*** Begin section ***
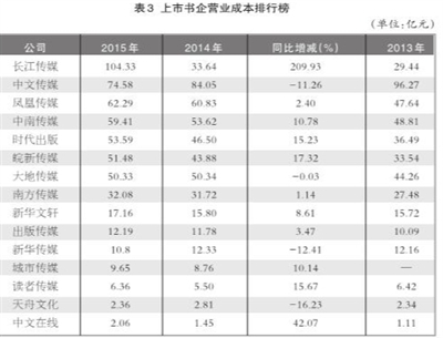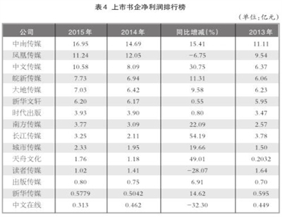 15家上市书企以同比17.63%的增速实现799.56亿元的年度总营业收入(见表2)。其中突破百亿的长江传媒、中文传媒、中南传媒、凤凰传媒的营业收入合计占比也高达54.56%,而凤凰传媒、中文传媒、中南传媒更是率先实现了资产规模和营业收入双百亿的目标,这说明行业集中度正在加速向上集中。营业收入超过50亿元的阵营成员依次为:大地传媒71.39亿元、皖新传媒65.81亿元、时代出版60.21亿元、新华文轩55.83亿元;其余的7家中,南方传媒实现46.02亿元营业收入相对突出,新华传媒、城市传媒、出版传媒2015年的营业收入几近相等,读者传媒、天舟文化和中文在线的营业收入均不足10亿元。而从同比增速来看,长江传媒153.51%的增长率使其从2014年46.89亿的营收一跃成为百亿营收阵营头把交椅,这主要受益于其纸张、印刷耗材等物资销售业务527.67%的爆发式增长。而除中文在线因基数相对较低同比增长了44.68%,新华传媒受图书、音像制品、文教用品、广告报刊及其他营收等不同程度下滑影响,营收再度下滑出现12.09%的负增长外,皖新传媒、时代出版、中南传媒、城市传媒、中文传媒5家2015年营收均实现了两位数的增长率,当中中文传媒营收大幅增长主要系本期将智明星通纳入合并范围以及继续加强经营现金流管理所致。读者传媒、新华文轩、天舟文化、凤凰传媒、南方传媒、出版传媒、大地传媒7家营收增长率在10%以下。
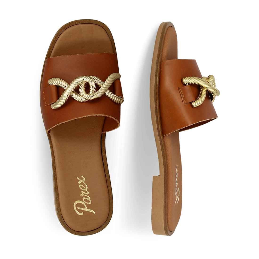 Give cool casual vibes with these leather flat sandals by Parex. Available in black & tancolor. Metallic detail on the front.
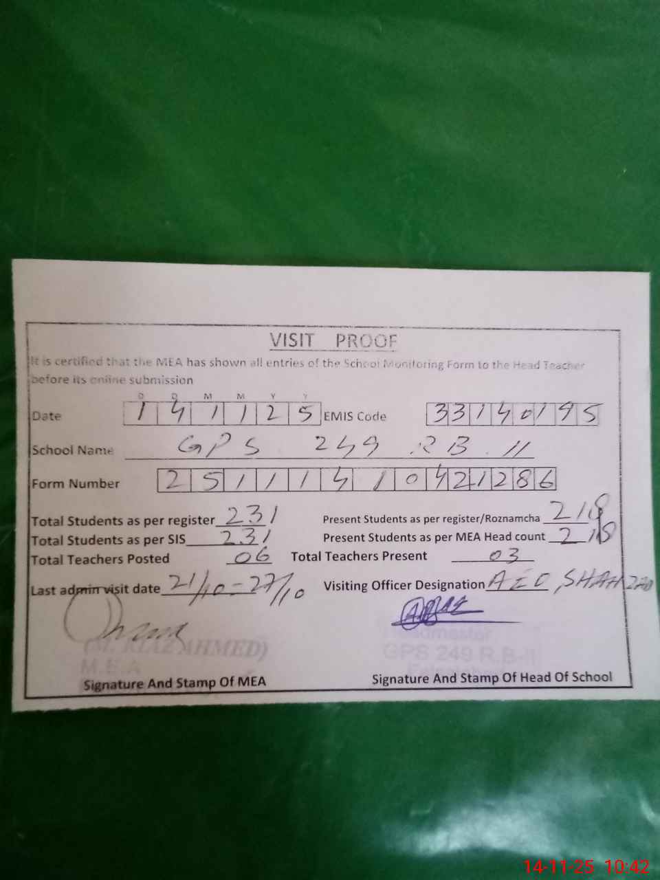 | Attendance Register | Head Teacher | MEA with School | Visit Proof |
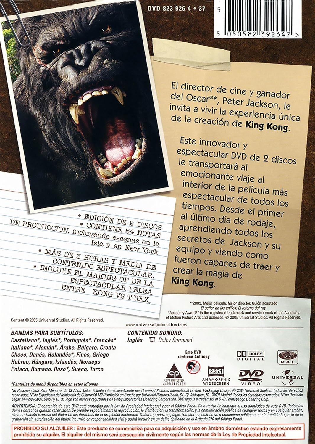 El director de cine y ganador del Oscar, Peter Jackson, le invita a vivir la experiencia única de la creación de King Kong. Este innovador y espectacular DVD de 2 discos le transportará al emocionante viaje al interior de la película más espectacular de todos los tiempos. Desde el primer al último día de rodaje, aprendiendo todos los secretos de Jackson y su equipo y viendo cómo fueron capaces de traer y crear la magia de King Kong.. Extras Menús interactivos, Acceso directo a escenas, Contiene 52 notas de producción, incluyendo escenas en la Isla y en Nueva York, Making of de la espectacular pelea entre Kong Vs T-Rex
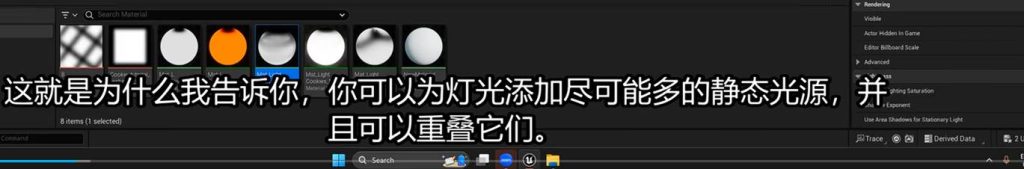 那么在这一点还有一个需要注意的就是GI灯可以烘焙,但是反射类的灯光材质表现是无法烘焙的:
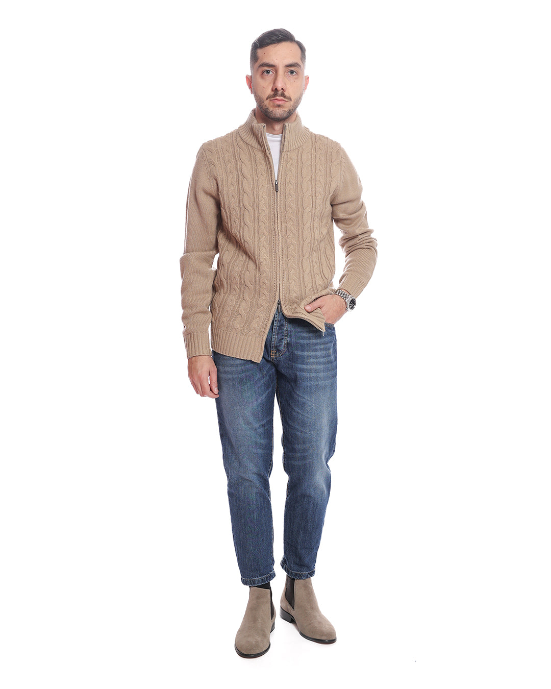 Cardigan full zip intrecciato
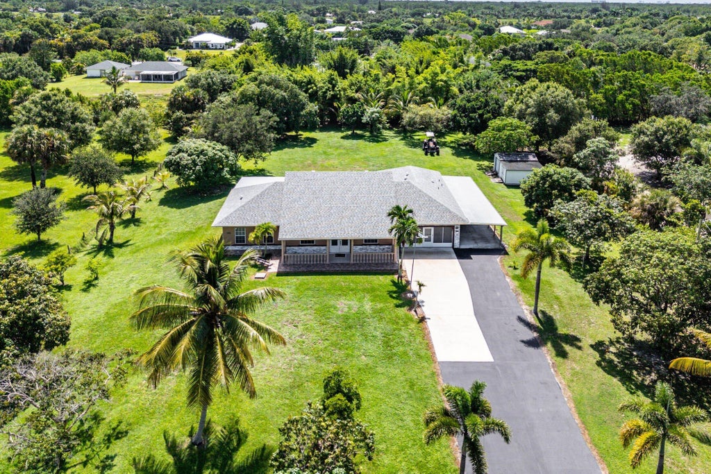 Immaculate and spacious 4-bedroom, 2-bath, 2-car garage home on over 1.5 acres on paved road access in Jupiter Farms! This well-designed property offers a split floor plan featuring a formal dining room, kitchen with granite counters opens to large family room and casual dining area. The entire home is tiled with a decorative tile inlay at the front door. Retreat to the oversized master suite with an extra-large walk-in closet and generous master bathroom. Additional expansive 49' x 18' enclosed patio--ideal as a game room, gym, or entertainment space, complete with a wet bar. The 2 car garage has been converted into a second kitchen and dining area, perfect for in-law living or extended family use. A one car covered parking area located just off the garage. For your security there ...is a full screen camera system covering the outside. Enjoy the completely fenced spacious lot with paved access all the way to the house, offering plenty of room for your toys, animals, or future expansion.
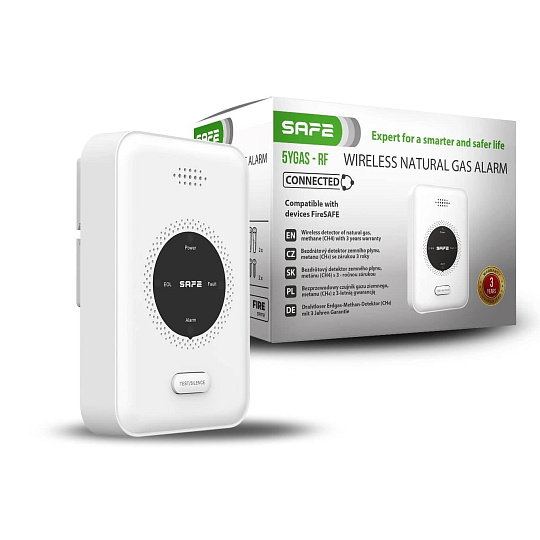 Polovodičový integrovaný senzor bezdrátového detektoru splňuje nejvyšší Evropské bezpečnostní standardy a je certifikován a kalibrován na základě normy EN 50194 (norma pro elektrická zařízení k detekci hořlavých plynů) bez další potřeby vyžadující pravidelné servisní kalibrace. Senzor druhé generace provádí nepřetržité testování ovzduší na přítomnost nebezpečné úrovně koncentrace plynů v monitorovaném prostoru. Přístroj je řízen moderním mikroprocesorem, který při zjištění nebezpečné úrovně plynu ihned vyšle rádiový signál a aktivuje jak vizuální, tak akustický poplach. Tím SAFE 5YGAS – RF poskytuje včasné varování před únikem plynu a přispívá k maximální ochraně vašeho domova.
*** End section ***
» WORK ORDER
What the answer must hold: all the data above, given again exactly, without pictures.

» SOLVED EXERCISE
 15家上市书企以同比17.63%的增速实现799.56亿元的年度总营业收入(见表2)。其中突破百亿的长江传媒、中文传媒、中南传媒、凤凰传媒的营业收入合计占比也高达54.56%,而凤凰传媒、中文传媒、中南传媒更是率先实现了资产规模和营业收入双百亿的目标,这说明行业集中度正在加速向上集中。营业收入超过50亿元的阵营成员依次为:大地传媒71.39亿元、皖新传媒65.81亿元、时代出版60.21亿元、新华文轩55.83亿元;其余的7家中,南方传媒实现46.02亿元营业收入相对突出,新华传媒、城市传媒、出版传媒2015年的营业收入几近相等,读者传媒、天舟文化和中文在线的营业收入均不足10亿元。而从同比增速来看,长江传媒153.51%的增长率使其从2014年46.89亿的营收一跃成为百亿营收阵营头把交椅,这主要受益于其纸张、印刷耗材等物资销售业务527.67%的爆发式增长。而除中文在线因基数相对较低同比增长了44.68%,新华传媒受图书、音像制品、文教用品、广告报刊及其他营收等不同程度下滑影响,营收再度下滑出现12.09%的负增长外,皖新传媒、时代出版、中南传媒、城市传媒、中文传媒5家2015年营收均实现了两位数的增长率,当中中文传媒营收大幅增长主要系本期将智明星通纳入合并范围以及继续加强经营现金流管理所致。读者传媒、新华文轩、天舟文化、凤凰传媒、南方传媒、出版传媒、大地传媒7家营收增长率在10%以下。
 Give cool casual vibes with these leather flat sandals by Parex. Available in black & tancolor. Metallic detail on the front.
 | Attendance Register | Head Teacher | MEA with School | Visit Proof |
 El director de cine y ganador del Oscar, Peter Jackson, le invita a vivir la experiencia única de la creación de King Kong. Este innovador y espectacular DVD de 2 discos le transportará al emocionante viaje al interior de la película más espectacular de todos los tiempos. Desde el primer al último día de rodaje, aprendiendo todos los secretos de Jackson y su equipo y viendo cómo fueron capaces de traer y crear la magia de King Kong.. Extras Menús interactivos, Acceso directo a escenas, Contiene 52 notas de producción, incluyendo escenas en la Isla y en Nueva York, Making of de la espectacular pelea entre Kong Vs T-Rex
 那么在这一点还有一个需要注意的就是GI灯可以烘焙,但是反射类的灯光材质表现是无法烘焙的:
 Cardigan full zip intrecciato
 Immaculate and spacious 4-bedroom, 2-bath, 2-car garage home on over 1.5 acres on paved road access in Jupiter Farms! This well-designed property offers a split floor plan featuring a formal dining room, kitchen with granite counters opens to large family room and casual dining area. The entire home is tiled with a decorative tile inlay at the front door. Retreat to the oversized master suite with an extra-large walk-in closet and generous master bathroom. Additional expansive 49' x 18' enclosed patio--ideal as a game room, gym, or entertainment space, complete with a wet bar. The 2 car garage has been converted into a second kitchen and dining area, perfect for in-law living or extended family use. A one car covered parking area located just off the garage. For your security there ...is a full screen camera system covering the outside. Enjoy the completely fenced spacious lot with paved access all the way to the house, offering plenty of room for your toys, animals, or future expansion.
 Polovodičový integrovaný senzor bezdrátového detektoru splňuje nejvyšší Evropské bezpečnostní standardy a je certifikován a kalibrován na základě normy EN 50194 (norma pro elektrická zařízení k detekci hořlavých plynů) bez další potřeby vyžadující pravidelné servisní kalibrace. Senzor druhé generace provádí nepřetržité testování ovzduší na přítomnost nebezpečné úrovně koncentrace plynů v monitorovaném prostoru. Přístroj je řízen moderním mikroprocesorem, který při zjištění nebezpečné úrovně plynu ihned vyšle rádiový signál a aktivuje jak vizuální, tak akustický poplach. Tím SAFE 5YGAS – RF poskytuje včasné varování před únikem plynu a přispívá k maximální ochraně vašeho domova.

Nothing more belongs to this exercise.